The end of branded platform apps

One of the surest signs of the end of the platform wars is that Apple and Google’s in-house apps are no longer branded. Apple’s text messaging app is called “Messages”. Google’s is too now. Apple’s wallet analogue — where you keep cards you can pay with and coupons and loyalty cards for the stores you frequent — is called “Wallet”. So is Google’s. You can see your photos on your phone, in the “Photos” app.

If you want to play music on your iPhone you tap “Music”, not “iPod”. You can run Chrome on an iPhone, although Safari remains. Calendar has replaced “iCal”.

Your iPhone has both “Maps” and “Google Maps” on it but let’s be honest Google probably isn’t going to drop that distinction. Which is fair. But they’re both “Maps”.

Safari, iBooks, and iTunes are the last brands on your new iPhone

The trend right now is certainly toward naming things more simply, but there’s something deeper going on here. Apple released an app called “TV”. It’s not just called that because they wanted to have a short punchy name that resonates with its use case. It’s because the platforms have enormous presence and dominance and they are taking over literally everything and there’s room for both iOS and Android in the world and you already know which one you prefer.
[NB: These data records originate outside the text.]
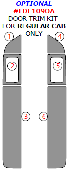 Ford F-150 2009, 2010, 2011, 2012, 2013, 2014, Optional Door Interior Trim Kit For Regular Cab Only, 6 Pcs.
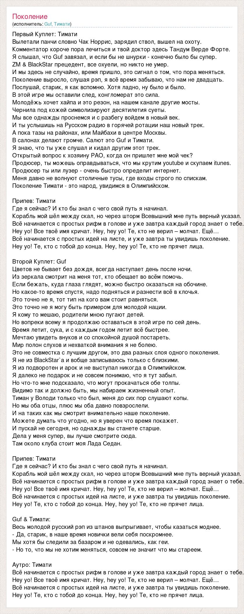 Первый Куплет: Тимати Вылетали панчи словно Чак Норрис, зарядил ствол, вышел на охоту. Комментатор короче пора лечиться и твой доктор здесь Тандум Верде Форте. Я слышал, что Guf завязал, и если бы не шнурки - конечно было бы супер. ZM & BlackStar прецедент, все охуели, но никто не умер. И мы здесь не случайно, время пришло, это сигнал о том, что пора меняться. Поколение выросло, слушая рэп, я всё время забываю, что нам не двадцать. Послушай, старик, я как вспомню. Хотя ладно, ну было и было. В этой игре мы оставили след, конгломерат это сила. Молодёжь хочет хайпа и это резон, на нашем канале другие мосты. Чернила под кожей символизируют десятилетия суеты. Мы все однажды проснемся и с разбегу войдем в новый век. И ты услышишь на Русском радио в горячей ротации наш новый трек. А пока тазы на районах, или Майбахи в центре Москвы. В салонах делают громче. Салют это Guf и Тимати. Я знаю, что ты уже слушал и кидал другим этот трек. Открытый вопрос к хозяину РАО, когда он пришлет мне мой чек? Продюсер, ты можешь оправдываться, что мы крутим youtube и скупаем itunes. Продюсер ты или лузер - очень быстро определит интернет. Меня давно не волнуют столичные тусы, где входы строго по спискам. Поколение Тимати - это народ, увидимся в Олимпийском. Припев: Тимати Где я сейчас? И кто бы знал с чего свой путь я начинал. Корабль мой шёл между скал, но через шторм Всевышний мне путь верный указал. Всё начинается с простых рифм в голове и уже завтра каждый город знает о тебе. Hey yo! Все твоё имя кричат. Hey, hey yo! Те, кто не верил – молчат. Ещё… Всё начинается с простых идей на листе, и уже завтра ты увидишь поколение. Hey yo! Те, кто с тобой до конца. Hey, hey yo! Те, кто не прячет лица. Второй Куплет: Guf Цветов не бывает без дождя, всегда наступает день после ночи. Из зеркала смотрит на меня тот, кто обещает во всём помочь. Если бежать, куда глаза глядят, можно быстро оказаться на обочине. Но какое-то время спустя, надо подняться и разнести всё в клочья. Это точно не я, тот тип на кого вам стоит равняться. Это точно не я могу быть примером для молодой нации. Я кому то мешаю, родители мною пугают детей. Но вопреки всему я продолжаю оставаться в этой игре по сей день. Время летит, сука, и с каждым годом летит всё быстрее. Мечтаю увидеть внуков и со спокойной душой постареть. Мир полон слухов и нехваткой внимания я не болею. Это не совместка с лучшим другом, это два разных слоя одного поколения. Я не из BlackStar`а и вобще записываюсь только с близкими. Я из подворотен и арок и не выступал никогда в Олимпийском. Я далеко не подарок и не совсем понимаю, что я тут забыл. Но что-то мне подсказало, что могут прокачаться обе толпы. Видимо так и должно быть, мы набираем жизненный опыт. Тиман у Володи только что был, меня до сих пор слушают копы. Но мы оба отцы, плюс мы оба давно повзрослели. И на таких как мы смотрит внимательно наше поколение. Можете думать что угодно, но я уверен что время покажет. И пускай не сегодня, но однажды вы станете старше. Дела у меня супер, вы лучше смотрите сюда. Там около клуба стоит моя Лада Седан. Припев: Тимати Где я сейчас? И кто бы знал с чего свой путь я начинал. Корабль мой шёл между скал, но через шторм Всевышний мне путь верный указал. Всё начинается с простых рифм в голове и уже завтра каждый город знает о тебе. Hey yo! Все твоё имя кричат. Hey, hey yo! Те, кто не верил – молчат. Ещё… Всё начинается с простых идей на листе, и уже
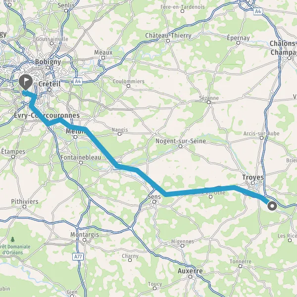 Prendre à droite et rejoindre A5. Continuer sur 130 kilomètres
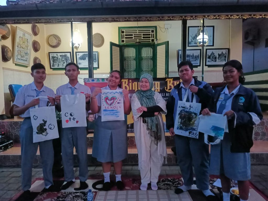 Setelah diskusi buku, para peserta diajak memvisuali sasikan makna agama cinta dengan melukiskannya di atas tote bag. Ada yang melukis lambang berbagai agama, pelangi dan cinta sebagai simbol keberagaman, jalan menuju kebenaran, hingga lukisan abstrak sebagai gambaran manusia yang katanya tidak bisa ditebak.
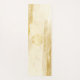 Exercise motivation mat with warrior poses and boho typography on golden light ink graphic background. Spirit mind body symbol on back.
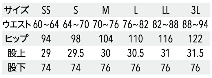 機能 前ファスナーあき、ウエストゴム・ヒモ入り、両脇ポケット、左右ヒップポケット、裏地なし、男女兼用、ストレッチ、制電、抗菌防臭
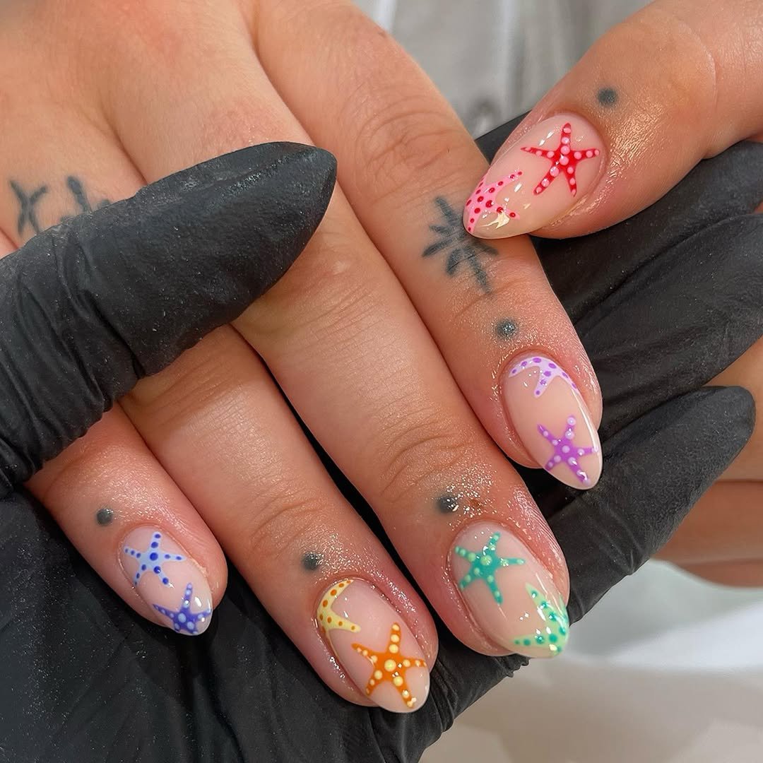 These nails offer a delightful pop of color reminiscent of a playful tide pool. A clean, soft nude serves as the canvas, while a scattering of dotted starfish in various bright colors injects a cheerful, beach-day vibe.
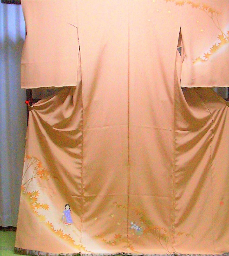 手描き訪問着やさしい表情が周囲をほっこり和ませます。 趣味性ある2枚目の贅沢な礼装着です。 落款あり(京都の作家)写真クリックで拡大します。
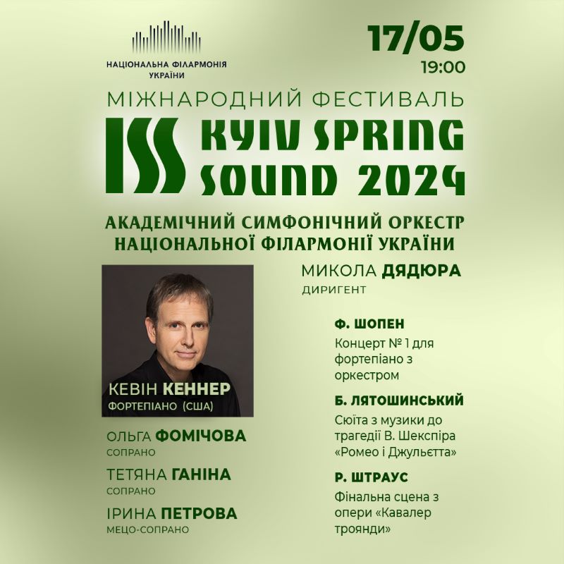 Гостем першого концерту 17 травня стане американський піаніст Кевін Кеннер. Після здобуття перемоги на конкурсі імені Шопена у 1990 році, піаніст уславився як інтерпретатор музики польського композитора. Свою майстерність він продемонструє на Першому фортепіанному концерті – творі 20-літнього Шопена, який вже виявляв зрілу вдумливість із молодечим сплеском почуттів. У продовження концерту прозвучить сюїта з музики до театральної постановки «Ромео і Джульєтта» Бориса Лятошинського, партитуру до якої було нещодавно віднайдено. У ній композитор майстерно поєднує два інтонаційні світи – старовинну бальну музику (для цього Лятошинський використовує мелодії з танців XVI століття) та сучасну експресивну мову для втілення найгостріших сцен з Шекспірової драми.
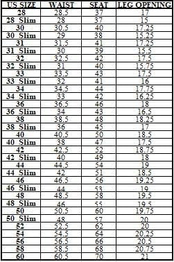 29W x 29L, 29W x 34L, 30W x 32L, 31W x 30L, 33W x 32L, 34W x 32L, 38W x 32L, 40W x 30L, 40W x 32L, 48W x 34L, 50W x 30L, 50W x 34L, 52W x 29L, 52W x 32L, 52W x 34L, 54W x 32L, 54W x 34L, 58W x 32L, 60W x 34L |

And then I remembered a phrase I haven’t heard in a long time, because the trend is toward nothing being too small to be a product. Credit Karma is a successful product for checking your credit score. NerdWallet helps you find credit cards. Everything has been increasingly unbundled. Look at this:

From CB Insights

Which brings me back to the phrase:

Feature Not A Company

The platforms are moving in a different direction, hard. Some time ago it was common to hear debates about whether a startup was a feature, not a company (credit to Mark Suster’s excellent explanation). Something that couldn’t really stand alone but had basically raised money to prove that a discrete piece of functionality was valuable to users and would be acquired or outcompeted by an in-house offering from a company better equipped to deliver an integrated solution. Apple and Google seem to be saying that their platforms are sufficiently distributed and powerful that all of these things are better experiences folded in than standing alone.

In this view, these BIG things — messaging, payment and loyalty programs, listening to music, your calendar, maps and finding things, and even all of ‘TV’ — are apps that they make that aggregate services. The TV app is how you consume visual media. Not a television that’s connected to a cable company that’s buying content that’s produced by media companies with the scale to make those deals. The entire stack collapses and all you need is basically an app store and an undifferentiated internet connection.

It’s back to the old days of things being a feature, not a company. But now it’s not about tech startups like GroupMe, it’s about the fundamentals of American life like TV. It’s one thing to say that a new company really should be folded into another, but something entirely different to say that entire industries are now just an app.

What does this mean for companies?

Well, bad news if you distribute coupons. More realistically, it’s a call to action to think about your distribution. Who owns the connection to your consumers? Are they already using your product or service on their phone? Is your brand or lock-in strong enough to fight off intermediation? That’s the big question, because without a strategy for answering it your margins are going to be under siege … if I’m reading this right.